Your objective:
Omit every picture, and retype the lines that run from the beginning of the data below through the line containing "back to the", inclusive.

Material shown:
------------------------------------------------------------------------

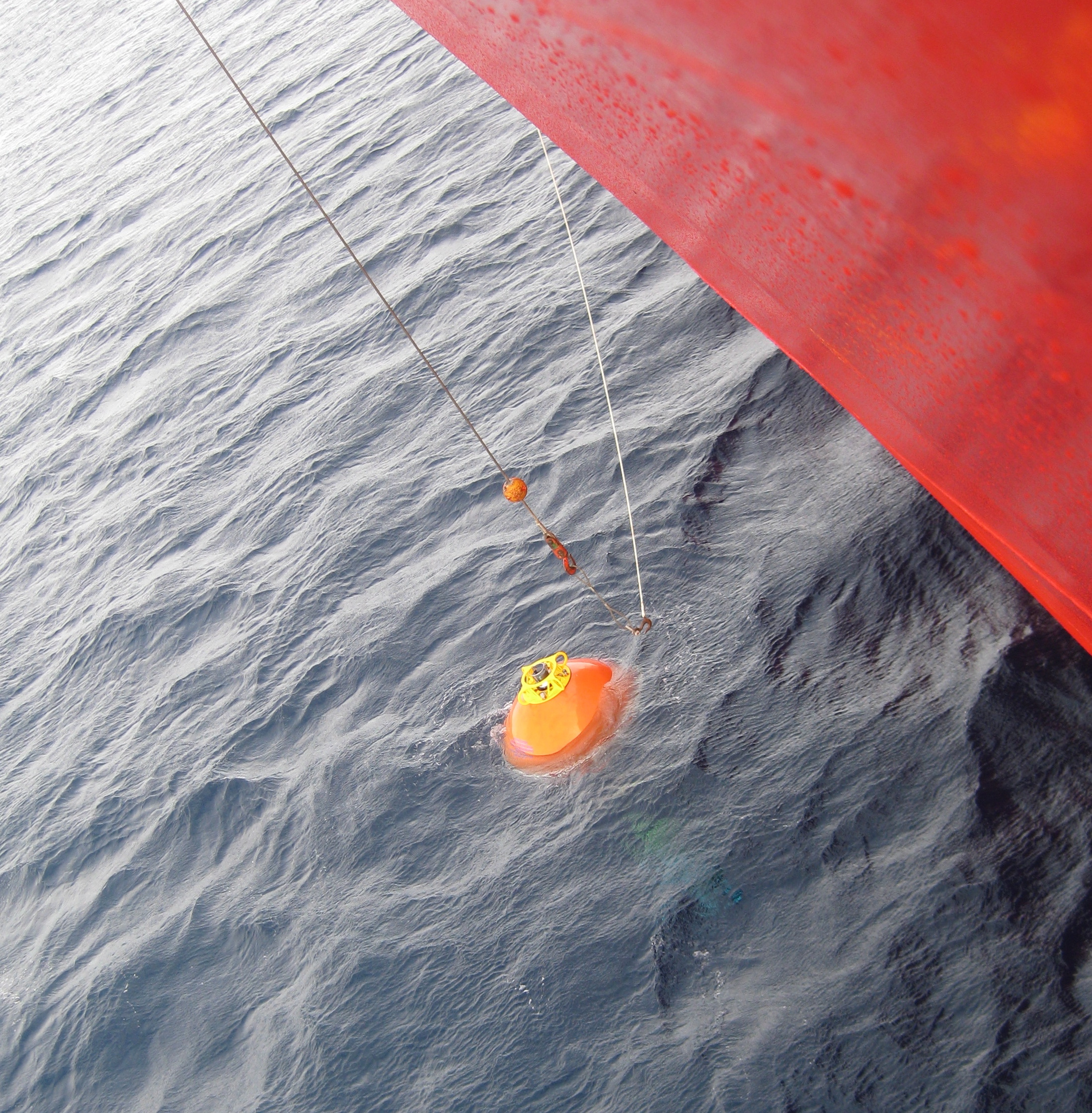 Gerty Ward says, "to bring the top float on board, it first has to be caught! A hook is lowered with a control rope (white, to the right of the line) and not unlike that arcade game where you maneuver a joy stick to pick up a prize, the top float is hooked." Aboard the Canadian Coast Guard icebreaker Louis S. St-Laurent, on the Beaufort Sea.
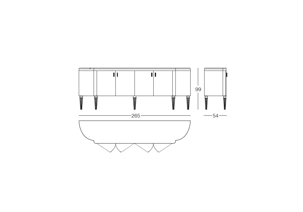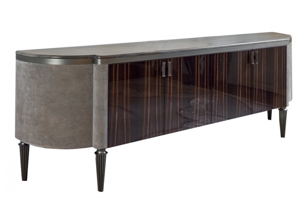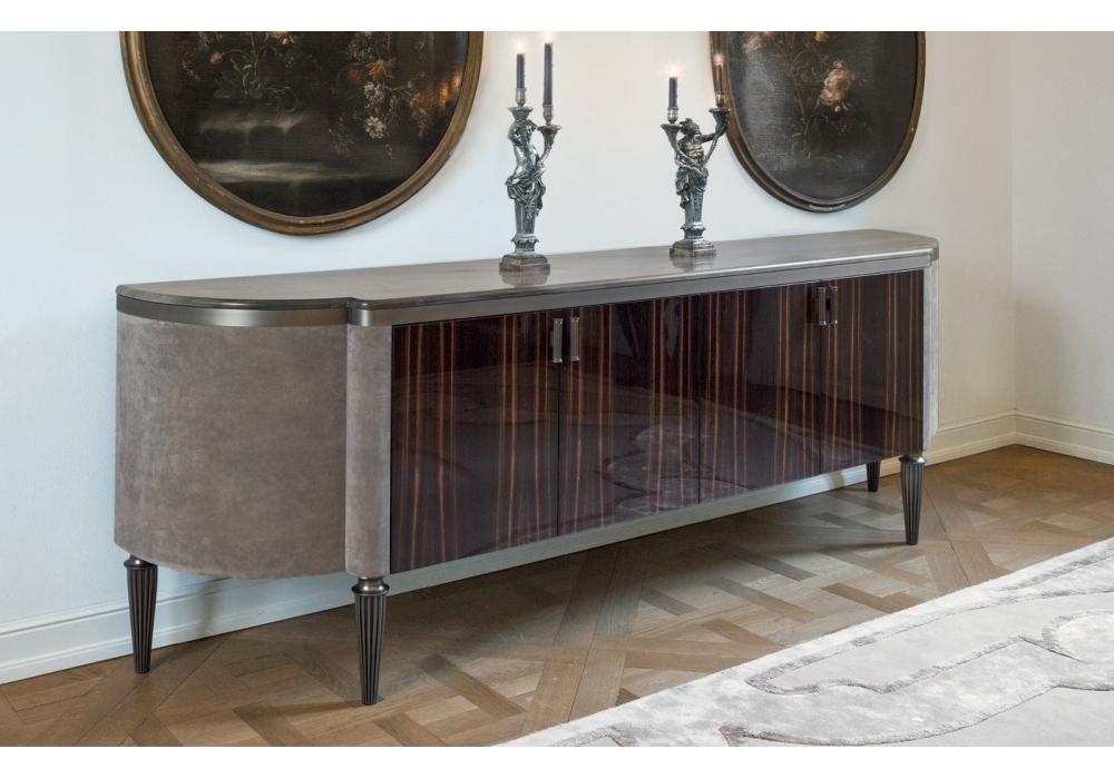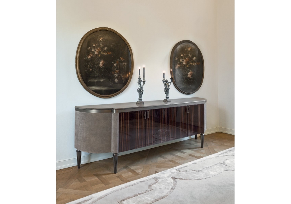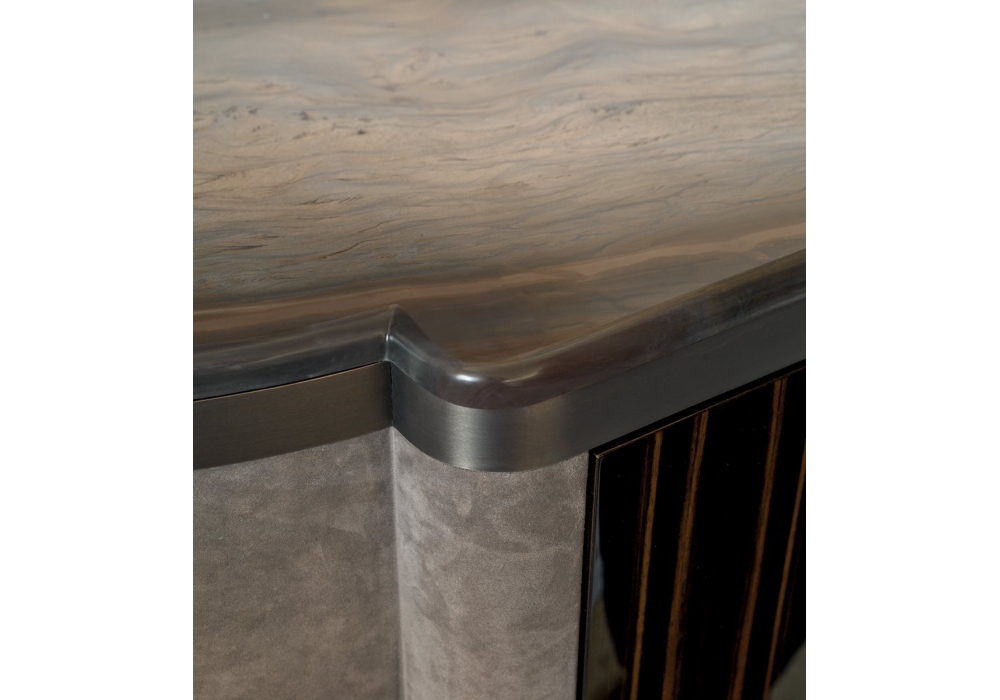Julian firmato da Giusseppe Iasparra per Longhi è un mobile contenitore con ante frontali in legno lucido o opaco, fianchi curvi laterali con rivestimento in pelle e base in metallo. Il piano è in marmo o legno di ebano opaco con intarsio. Bordo sottopiano nella stessa finitura della base oppure su richiesta rivestita in pelle. Maniglie in metallo scanalato.
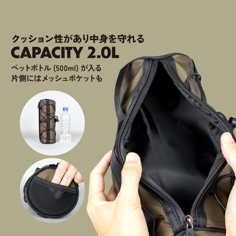 容量2.0Lで、必要なものだけをすっきり収納。スマホ、ポーチ、鍵などを持ち運ぶのに最適。
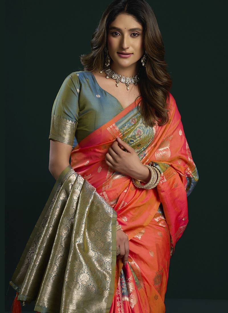 | Product Name | Orange & Olive Soft Silk With Fancy Pumpum Saree | |
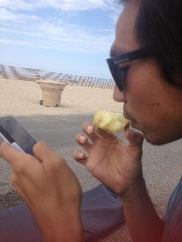 back to the parking lot, snack, and change. We share stories about our waves
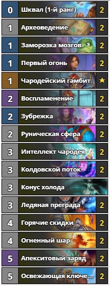 Самым имбалансным классовым квестом стал “Чародейский Гамбит” мага. Даже нерф “Колдовского потока” не смог окончательно выбить эту колоду из топа ладдера. В новой сборке избавились от небольшого перекоса в сторону заклинаний огня. Вместо “Возгорания” добавлен один “Конус холода”, что позволяет быстрее сделать все стадии задания и получить заветный бонус к силе заклинаний на более ранней стадии игры. В целом колода не очень дорогая — всего 4400 пыли. Однако, геймплей довольно специфический и подойдет далеко не каждому. Благо, стримеров, играющих на колоде подобного архетипа хватает.
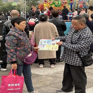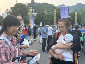 志愿者向市民发送讲解艾滋病预防科普宣传资料

------------------------------------------------------------------------

Solution to the exercise:
 Gerty Ward says, "to bring the top float on board, it first has to be caught! A hook is lowered with a control rope (white, to the right of the line) and not unlike that arcade game where you maneuver a joy stick to pick up a prize, the top float is hooked." Aboard the Canadian Coast Guard icebreaker Louis S. St-Laurent, on the Beaufort Sea.
Julian firmato da Giusseppe Iasparra per Longhi è un mobile contenitore con ante frontali in legno lucido o opaco, fianchi curvi laterali con rivestimento in pelle e base in metallo. Il piano è in marmo o legno di ebano opaco con intarsio. Bordo sottopiano nella stessa finitura della base oppure su richiesta rivestita in pelle. Maniglie in metallo scanalato.
 容量2.0Lで、必要なものだけをすっきり収納。スマホ、ポーチ、鍵などを持ち運ぶのに最適。
 | Product Name | Orange & Olive Soft Silk With Fancy Pumpum Saree | |
 back to the parking lot, snack, and change. We share stories about our waves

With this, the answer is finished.